When IL-6 binds to its receptors on the membrane of inflammatory cells, it may stimulate the activation of these cells via the Janus kinase/signal transducer and activator transcription (JAK/STAT) pathway, as well as the nuclear factor kappa B/mitogen-activated protein kinase (NF-KB/MAPK) pathway leading to exaggerated inflammatory response and massive cytokine storm [18]. Baricitinib inhibits the JAK/STAT pathway; this inhibition causes the lowering of IL-6 levels and reduces the cytokine storm (Fig. 2). There has been increasing evidence of the efficacy of baricitinib in treating COVID-19 patients, decreasing the cytokine storm, and decreasing the morbidity, mortality, and length of stay in the hospital [12]. Our patient received a 5-day course of baricitinib; and after the first dose, there was a remarkable improvement in her clinical state with decreasing oxygen requirements. There was also a rapid clearing of the opacities in the chest X-rays upon completion of baricitinib. Even though this could be the natural history of the disease, the acuity of the improvement after starting baricitinib warrants more research on the benefits of this medication in treating COVID-19 patients with severe symptoms and elevated inflammatory markers.

Figure 2.
Click for large image
Figure 2. Schematic diagram showing the inhibition of JAK/STAT by baricitinib. JAK/STAT: Janus kinase/signal transducer and activator transcription; COVID-19: coronavirus disease 2019.

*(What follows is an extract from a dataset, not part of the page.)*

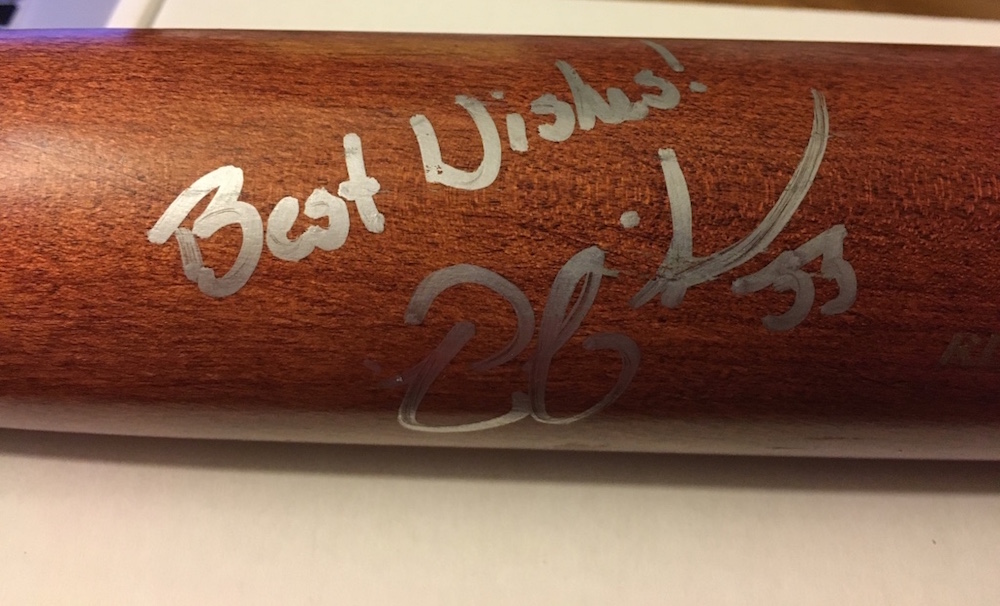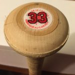 The bat has a red "33" sticker on the knob atop its Made in Canada sticker and that reinforces (along with the ordering timeframe) that this was a bat used for his first year in Cleveland. Meanwhile, the only photos I could find on Getty Images' publicly available database of preview images were in early 2012 when he was with the New York Yankees and used a different color of Rideau Crusher (see gallery). Overall, there are few images of him using Sam Bats -- definitely a lot more using other companies' models -- and that also reinforces the rarity here. To further authenticate it, it's got his trademark handle taping and some grime on that, while the handle and barrel are very clean compared to my other gamers where they can be absolutely demolished and caked in grime. This bat has a thicker finish to it and is solid and uncracked -- the only marks that are visible are some ink transfers in one spot on the meaty spot of the barrel and then some light light ball seam indentations across the barrel -- all indicating this was a bat not used for long. (That also explains why I can't find photos.) It being signed also indicates it could have been given away or perhaps provided for an event, which might be why it's a cleaner bat. There's no doubt in my mind this is a premium gamer -- Sam Bats are a bit pricey compared to other brands for both players and often for game-used collectors -- it just wasn't used for long.

This case is exciting because there are very rare case reports on the benefits of baricitinib on the treatment of COVID-19 patients, especially in the pediatric population where there are rare cases of severe symptoms. This could be useful for more research on its use on infants and adolescents who present with severe symptoms of COVID-19 as more research needs to be conducted to assess the safety and efficacy.

Conclusions

The use of baricitinib in the treatment of COVID-19 has shown some promise in decreasing morbidity, mortality, and length of stay in the hospital. There are very limited reports on its use in the pediatric population; and our case shown here might have some benefits in initiating this medication in this group. Further research is needed to determine these benefits.

Acknowledgments

None to declare.

Financial Disclosure

None to declare.

Conflict of Interest

The authors report no conflict of interest.

Informed Consent

Not applicable.

Author Contributions

F. Atemnkeng collected the data, guided the literature search, wrote the manuscript, and is the research guarantor. H. Alataby, J. Demirjian, and F. Kenne helped with data collection and writing of the article. J. Nfonoyim reviewed and supervised the study.

Data Availability

The authors declare that data supporting the findings of this study are available within the article.